For more detail on these findings please refer to the published report in the July 16, 2010 issue of Morbidity and Mortality Weekly Report (MMWR). For details on a particular fishing region, please refer to regional profiles published by NIOSH that summarize fatal occupational injuries, unique risk factors, and recommendations for each region.

Fatal Occupational Injuries in the U.S. Commercial Fishing Industry:
Risk Factors and Recommendations


 

Intermediate Outcomes

NIOSH Commercial Fishing Safety Research Program is dedicated to providing our stakeholders high quality, relevant information that has direct impact on the safety of fishermen around the United States. The program’s research has been used by the industry, government agencies, and fishing safety advocates to inform policy decisions and, educate workers about the safety hazards and solutions evaluated in the research. These intermediate outcomes provide examples of how NIOSH research is translated to practice by our stakeholders.

Impacts made by the NIOSH Commercial Fishing Safety Research Program:

The NIOSH Commercial Fishing Safety Research Program affects National Policy.
  • In November 2011, the National Transportation Safety Board (NTSB) released recommendations to the US Coast Guard to improve commercial fishing safety in the United States. NIOSH testimony during the NTSB Fishing Vessel Safety Forum in October 2010 was cited extensively for the foundation of these recommendations. The NTSB invited NIOSH to sit on three expert panels during the Fishing Vessel Safety Forum. The goals of the forum were (1) to identify safety issues in the industry from the perspective of both industry and government, and (2) to identify strategies for preventing accidents and reducing the commercial fishing industry's unacceptably high injury and fatality rate.

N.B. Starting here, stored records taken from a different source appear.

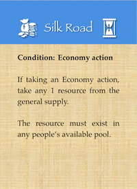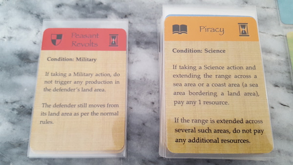 Mechanism 2: Event cards, random or influenced by the players themselves, dictate the game conditions for all players.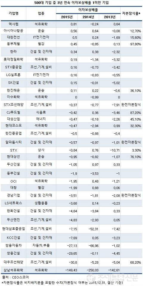 이자보상배율이 가장 낮은 기업은 삼양그룹 소속인 삼남석유화학으로, 2015년 기준 이자보상배율이 -149.43에 달했다. 이어 대우조선해양 -30.80, 쌍용건설 -29.65, 쌍용자동차 -27.13 등의 순이었다. 이들 외에도 KCC건설(-7.69), 현대삼호중공업(-7.15), 두산엔진(-4.83), 한화건설(-4.64), LS네트웍스(-3.68), 경남기업(-3.51) 등 33개 기업 가운데 22개 기업이 지난해 이자보상배율 마이너스를 기록했다.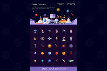 现代扁平设计太空科技主题图标素材 Space – modern flat des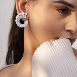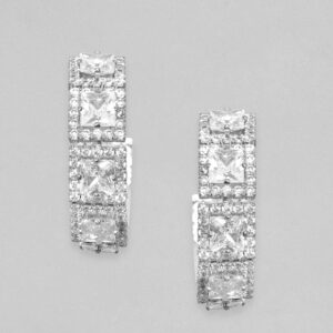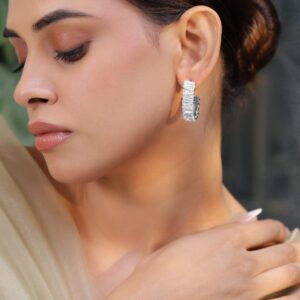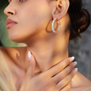Rhodium Plated Crystal Cubic Zirconia Studded Hoop Earrings – Silver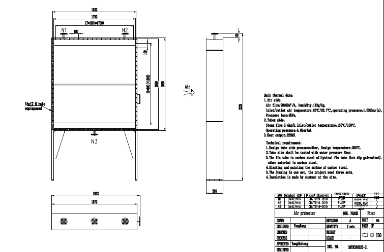 對每條線的現(xiàn)有預(yù)加熱器進(jìn)行改造,根據(jù)現(xiàn)有尺寸、接口改造為蒸汽、空氣換熱的管殼換熱器,預(yù)加熱器改造圖如圖4:
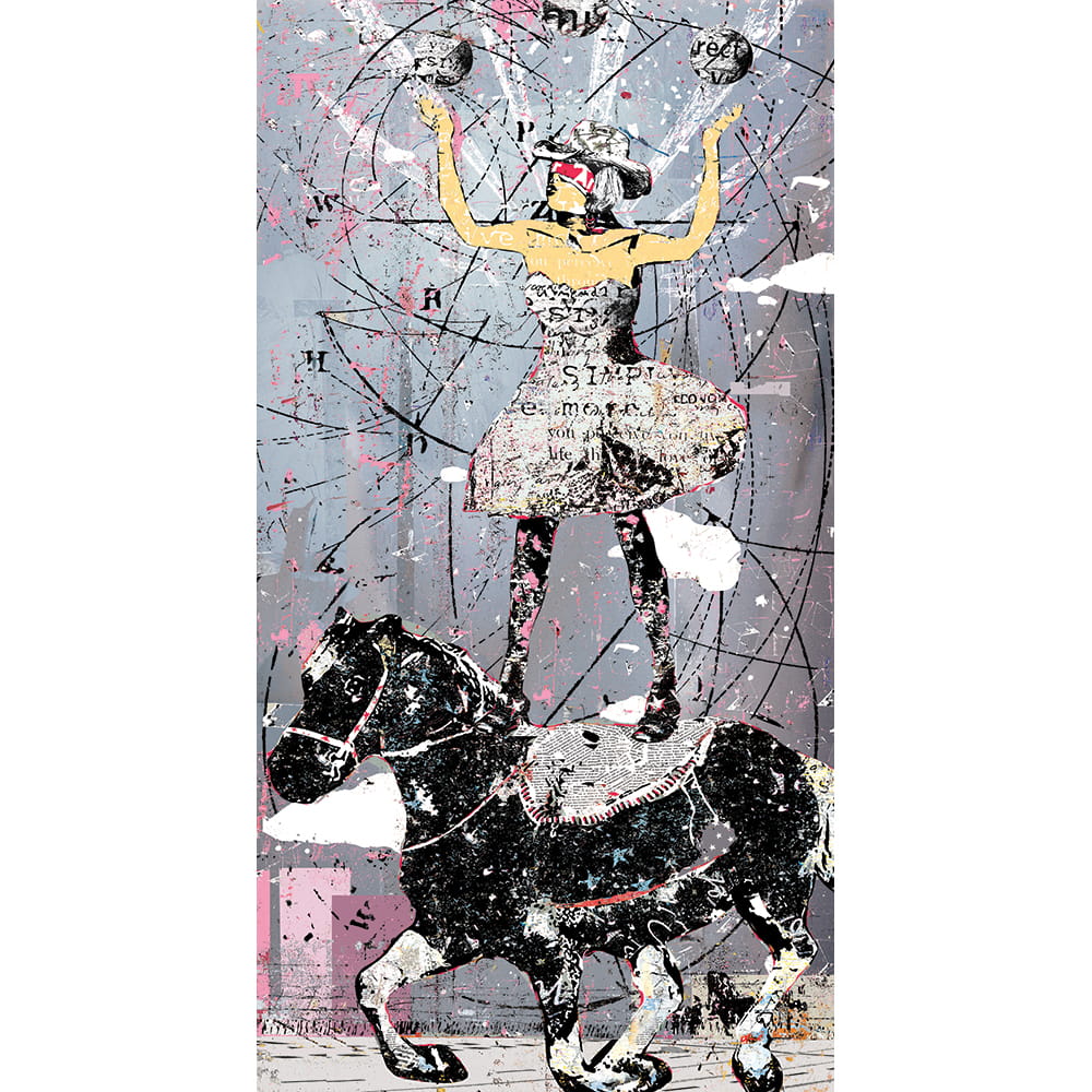 Juggler on Horseback. While this original is sold, I am offering prints on metal, hand varnished with a solid wood black floater frame.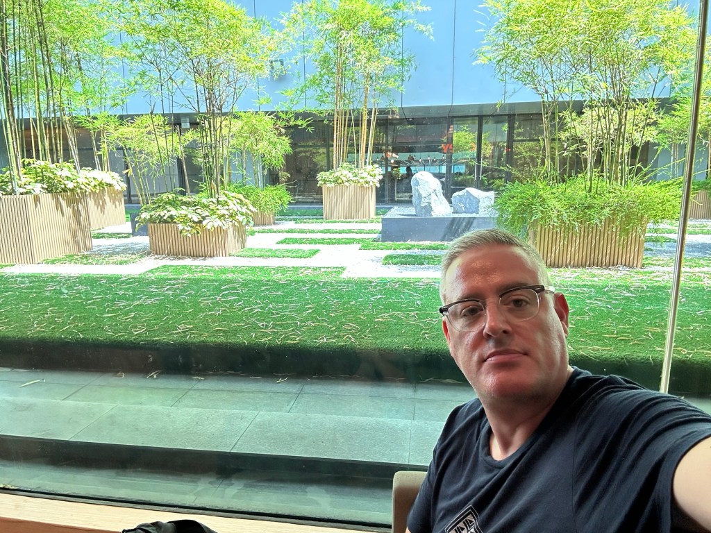Our Air Asia flight to Kota Kinabalu was supposed to leave just after noon. However as anyone who has traveled recently knows, airlines often have other ideas. We were able to rebook onto Scoot, the low cost airline of Singapore Airlines for their 630pm flight. Ironically the original flight we booked months ago with Scoot was cancelled and when they tried to rebook us on the evening flight, we decided it was too late and chose Air Asia instead. So, we had many hours to kill, but were able to access a very nice airport lounge. We had a lovely view of some bamboo and free lunch.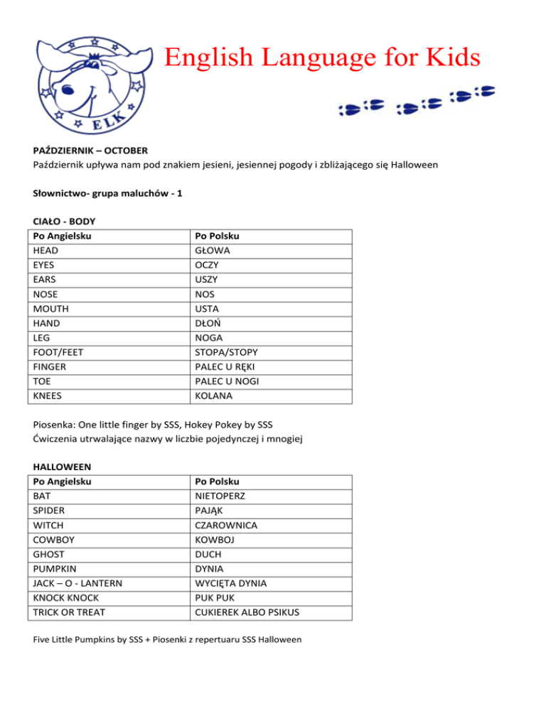 English Language for Kids PAŹDZIERNIK – OCTOBER Październik upływa nam pod znakiem jesieni, jesiennej pogody i zbliżającego się Halloween Słownictwo- grupa maluchów - 1 CIAŁO - BODY Po Angielsku HEAD EYES EARS NOSE MOUTH HAND LEG FOOT/FEET FINGER TOE KNEES Po Polsku GŁOWA OCZY USZY NOS USTA DŁOŃ NOGA STOPA/STOPY PALEC U RĘKI PALEC U NOGI KOLANA Piosenka: One little finger by SSS, Hokey Pokey by SSS Ćwiczenia utrwalające nazwy w liczbie pojedynczej i mnogiej HALLOWEEN Po Angielsku BAT SPIDER WITCH COWBOY GHOST PUMPKIN JACK – O - LANTERN KNOCK KNOCK TRICK OR TREAT Po Polsku NIETOPERZ PAJĄK CZAROWNICA KOWBOJ DUCH DYNIA WYCIĘTA DYNIA PUK PUK CUKIEREK ALBO PSIKUS Five Little Pumpkins by SSS + Piosenki z repertuaru SSS Halloween
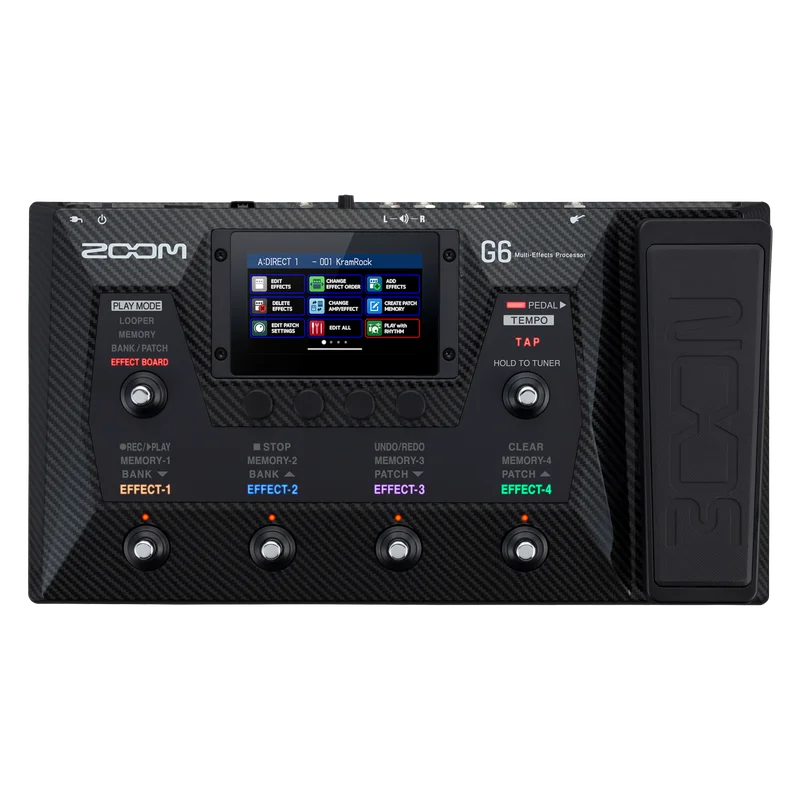 G6 также предоставляет полную коллекцию легендарных гитарных эффектов и тонов Zoom, включая совершенно новые искажения и модуляционные эффекты.
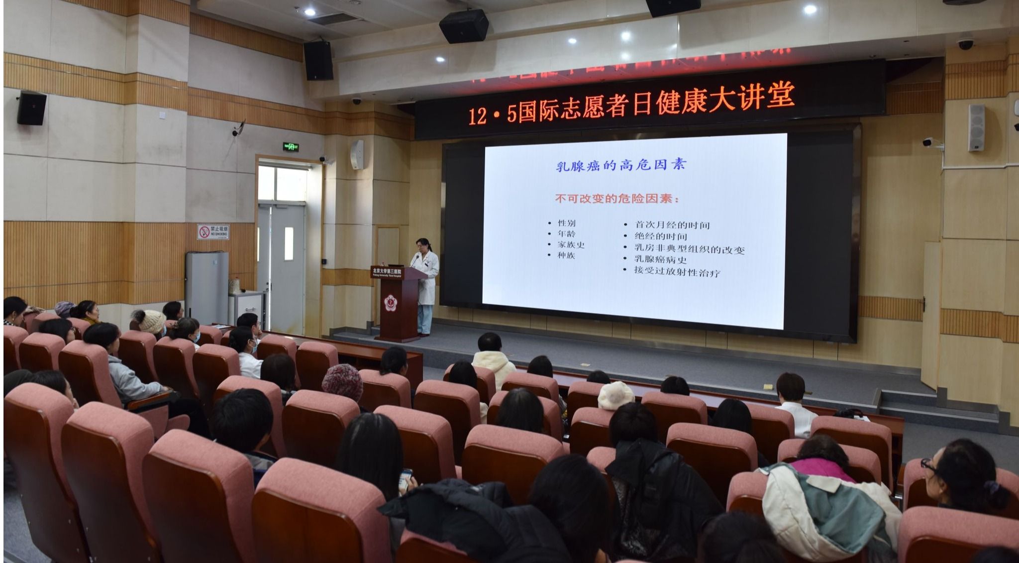 随后,普通外科乳腺专业组主任医师赵红梅为志愿者们带来了以“呵护生命,关爱乳腺健康”为主题的精彩讲座。讲座内容涵盖了乳腺疾病的预防、诊断、治疗以及日常护理等多个方面,并强调了早期发现和早期治疗的重要性,为大家带来了科学实用的健康保健知识。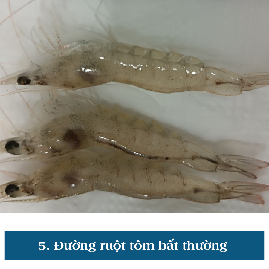Biểu hiện: Đường ruột tôm nhỏ, mờ nhạt, thường xuyên bị đứt đoạn hoặc trống thức ăn dù tôm vẫn bắt mồi.

  • In April 2011, the National Marine Fisheries Service (NMFS) of the National Oceanographic and Atmospheric Association released an Advanced Notice of Proposed Rulemaking to seek input on changing the guidelines that NMFS uses to assess safety hazards during their fisheries management policy development process. NMFS invited NIOSH to provide technical guidance during this process. Recent work by NIOSH has shown that the fishery management process can more explicitly address safety at sea by analyzing fishing hazards in a more structured way.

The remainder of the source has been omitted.